From being spit on to hit on and reduced to “China girl,” my experiences of anti-Asian racism marred my youth and adolescence, giving way to internalized oppression. Individual, institutional and systemic racism have longstanding and pervasive psychological damage.
The targeted killing earlier this year of eight people in Atlanta, six of them Asian women, was a catalyst sparking public outcry and rage, prompting Asians to speak out.
With an increase in anti-racist mobilization, emphasis on racial justice, recognition of sociopolitical factors and inclusivity and equity education alongside emphasis on Asian cultural pride, opportunity can emerge out of crisis.
As we celebrate Asian Heritage Month, the time is now to collectively centre dialogue against anti-Asian racism, with an optimistic view for a global reset. I am a psychologist and professor comfortable in her academic bubble. But as an Asian woman who endured racism growing up, and with daughters who deserve a better future, I felt compelled to to start a campaign and contribute to an Asian movement fighting racial intolerance.

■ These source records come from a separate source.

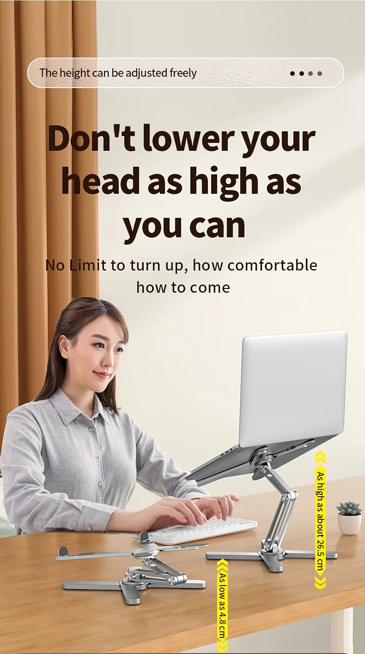 Cu suportul nostru, vei menține laptopul la nivelul ochilor, îmbunătățind postura și reducând tensiunea din spate și gât. Bucură-te de confort maxim în fiecare zi.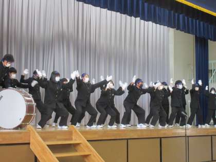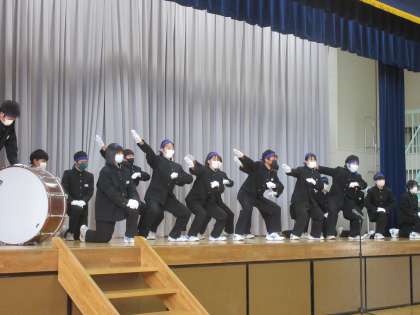 体育館だけでなく、オンラインでつながる教室と御所ケ丘中学校全ての仲間が、気持ちを合わせて手拍子をしました。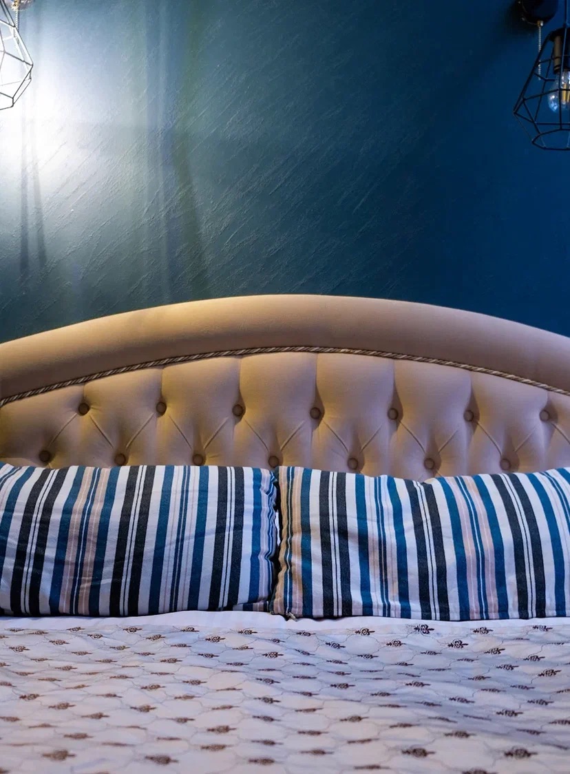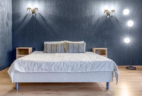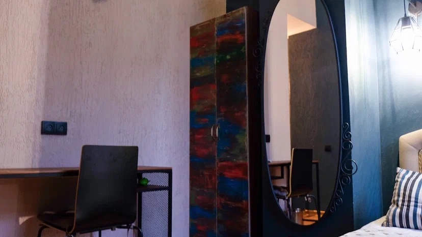 В номере: вешалка, диван, зеркало, кровать двуспальная, прикроватные тумбочки, стол, стулья, шкаф, мини-холодильник, телевизор

Present turmoil provides opportunity
The recent rise in anti-Asian racism, subsequent protests and increased activism has sounded alarm bells for what’s reminiscent of legislated racism endured by Asian people in North America in the 19th century.
There was the internment of American and Canadian Japanese people during the Second World War. A head tax that was levied against Chinese immigrants in 1885; over the 38 years it was in place, nearly $23 million was collected from 82,000 Chinese immigrants. The Chinese Immigration Act, also known as the Chinese Exclusion Act of 1921 and other structural impediments, infringed upon human rights and normalized sinophobic rhetoric — the fear and disdain of Chinese people.
COVID-19 makes visible this century-old racism and has revived it into present day.
April saw progress with Illinois passing a bill mandating Asian American history be taught in schools, the U.S. Senate overwhelmingly passed a bill that would help combat the rise of hate crimes against Asian Americans, and Canada’s federal budget announced $11 million over two years to expand the activities of the Canadian Race Relations Foundation. But much more is needed.
Anti-Asian racism is taking a heavy mental and emotional toll on Asian communities globally. Recognizing the psychological impact faced by these communities can help with progress. It allows for the development of specific mental health programs and interventions targeting the negative health effects of racism among marginalized people which can improve the lives of Asian people globally.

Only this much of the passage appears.